Ref 1: https://www.emqx.com/en/blog/mqtt5-request-response
In MQTT 5.0, I believe this property field should not be allowed to be empty, because it will play a role in message transmission in some scenarios.
Packet:
10a10100044d51545405a6d79b13170122e432260002766100024d5127c1f00b75000c3667713668573039766670314102dd44adf20300144b526a5343646e53427066393358395531756b470800002600094835774f764d6e4f37001466345a314b636936466648545078614461337063000f476234475670636c737132496830440005307648626400194d46344f6d6c72764951773877755a6a666f3331636c457278
@songxpu your first example is incorrect:
You are connecting with MQTTv3. If you use CONNECT with MQTTv3.1.1 or MQTTv5, mosquitto correctly disconnects the client because of a malformed packet (see below).
It would be great if you include a mosquitto log for each of your examples and if you could keep the examples as simple as possible (e.g. complex client, username, will messages and SUBSCRIBE messages when you only want to show a UNSUBSCRIBE).
1729024663: mosquitto version 2.0.18 starting
...
1729025569: New client connected from 127.0.0.1:62463 as UBF5bcoi97WeTliL7VLF (p1, c0, k35718, u'weNO7m2HwMb4VeRRoXnkGBnpXq').
1729025569: Will message specified (24 bytes) (r0, q1).
1729025569: gHbr9Czh
1729025569: Sending CONNACK to UBF5bcoi97WeTliL7VLF (0, 0)
1729025569: Received PUBLISH from UBF5bcoi97WeTliL7VLF (d0, q1, r0, m46593, 'XVKlzx2I3GgzqQ', ... (18 bytes))
1729025569: Sending PUBACK to UBF5bcoi97WeTliL7VLF (m46593, rc0)
1729025569: Received UNSUBSCRIBE from UBF5bcoi97WeTliL7VLF
1729025569: Sending UNSUBACK to UBF5bcoi97WeTliL7VLF
1729025569: Client UBF5bcoi97WeTliL7VLF closed its connection.
...
1729025955: New connection from 127.0.0.1:63245 on port 1883.
1729025955: New client connected from 127.0.0.1:63245 as UBF5bcoi97WeTliL7VLF (p2, c0, k35718, u'weNO7m2HwMb4VeRRoXnkGBnpXq').
1729025955: Will message specified (24 bytes) (r0, q1).
1729025955: gHbr9Czh
1729025955: Sending CONNACK to UBF5bcoi97WeTliL7VLF (1, 0)

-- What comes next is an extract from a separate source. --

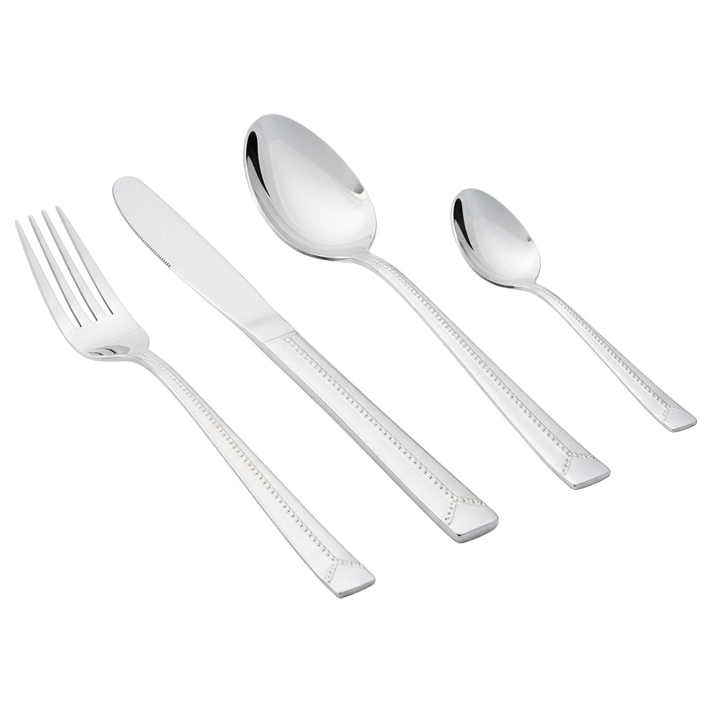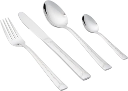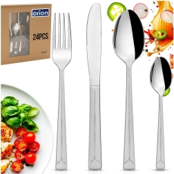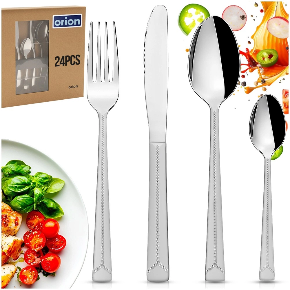 Set elegant de tacâmuri pentru 6 persoane, conține 24 de piese potrivite atât pentru uz zilnic, cât și pentru mese festive. Fabricat din oțel inoxidabil de calitate, cu suprafață rezistentă și design decorativ. Potrivit pentru mașina de spălat vase, totuși pentru strălucire de durată se recomandă spălarea manuală. Aspect clasic și atemporal care se potrivește oricărui serviciu de masă.

1729025955: Received PUBLISH from UBF5bcoi97WeTliL7VLF (d0, q1, r0, m46593, 'XVKlzx2I3GgzqQ', ... (18 bytes))
1729025955: Sending PUBACK to UBF5bcoi97WeTliL7VLF (m46593, rc0)
1729025955: Received UNSUBSCRIBE from UBF5bcoi97WeTliL7VLF
1729025955: Client UBF5bcoi97WeTliL7VLF disconnected due to malformed packet.
@songxpu your second example is incorrect too:
You are connecting with MQTTv3. If you use CONNECT with MQTTv3.1.1 or MQTTv5, mosquitto correctly disconnects the client because of a malformed packet (see below).
@songxpu Thanks for the reports, I've now pushed changes for the remaining issues except for those related to the payload format indicator. The spec states that the broker "MAY" validate the payload. I'm choosing not to do that for the 2.0.x branch.